It was, after all, the 1979 hostage crisis that paved the way for Ronald Reagan's presidency, and it was his decision to sell arms to the ayatollahs in order to raise a slush fund to fight the Sandinistas that shattered faith in his honesty. Persia tasks the GOP like a black whale (it has ever since the West lost control of those oil fields), and there is almost no law of man or nature they won't try to overthrow to get it back.

It's this imperative that has led Republican talking heads into such conniptions of pretzel logic. Days before the election, Daniel Pipes, director of the Middle East Forum at the conservative Hoover Institute, said he'd vote for Ahmadinejad because "I would prefer to have an enemy who's forthright, blatant, and obvious." Michael Rubin of the American Enterprise Institute added that a Moussavi win would make it "easier for Obama to believe that Iran really was figuratively unclenching a fist when, in fact, it had its other hand hidden under its cloak, grasping a dagger."

No, no, say some slightly less extreme wingers: Rooting for Ahmadinejad is a "cynical calculation," says Indiana Congressman Mike Pence. And yet, because he feels the need to press Obama wherever possible, he goes on to complain that "in the cause of freedom America cannot be neutral, cannot be in the business of making careful, short-term calculations." Today, the House passed a toned-down version of Pence's resolution (co-sponsored by Dem Howard Berman of California) condemning Tehran's crackdown on dissidents.

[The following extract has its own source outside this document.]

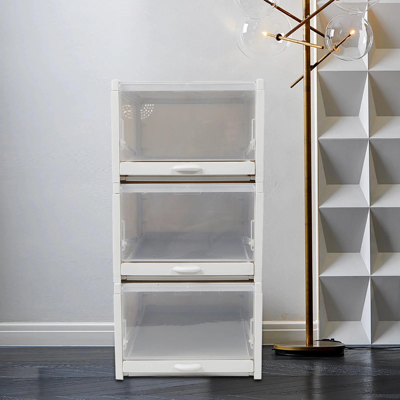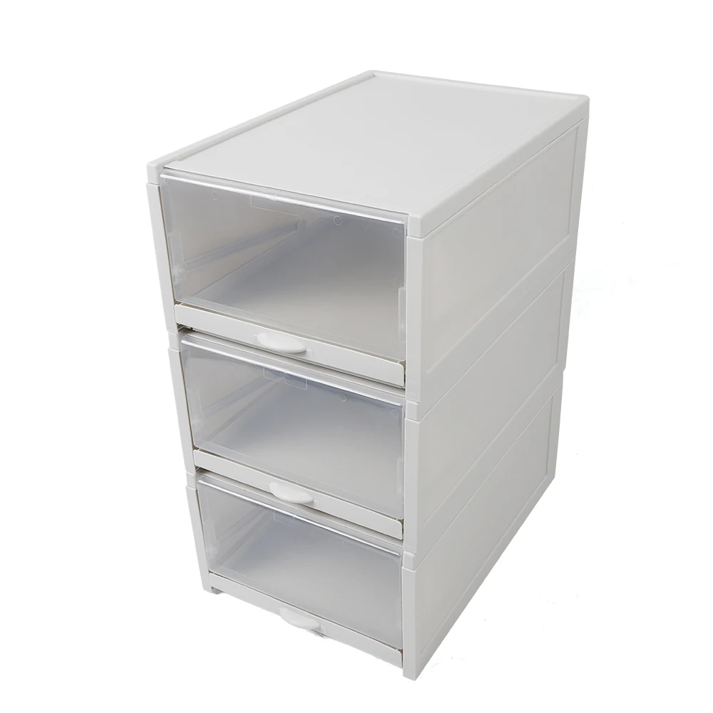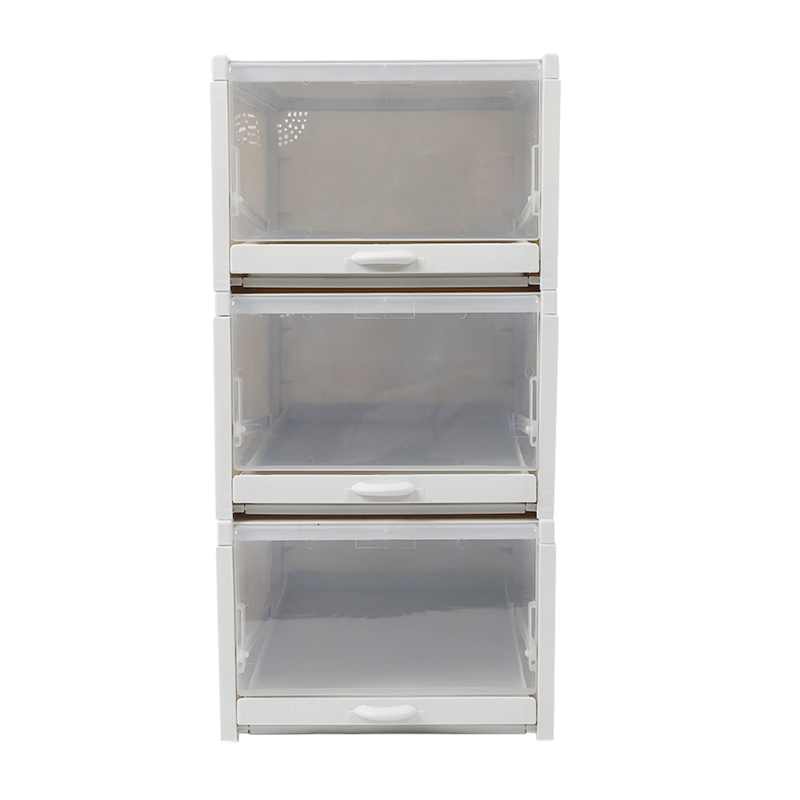 3Pcs Stackable Shoe Box Push Drawer Storage Organizer Shoe Box Clear Cover Gray

Some of the more virulent Iraq-war pushers have even blamed Obama for the stolen election itself. "These people are thugs and they have been emboldened by our weakness," says neocon nabob Frank Gaffney.

See how it works? Obama is weak because he won't scream denunciations at Ahmadinejad; if only he would, then Ahmadinejad would have a more secure hold on power--which (to complete the circle) is what the neocons not-so-secretly wanted in the first place.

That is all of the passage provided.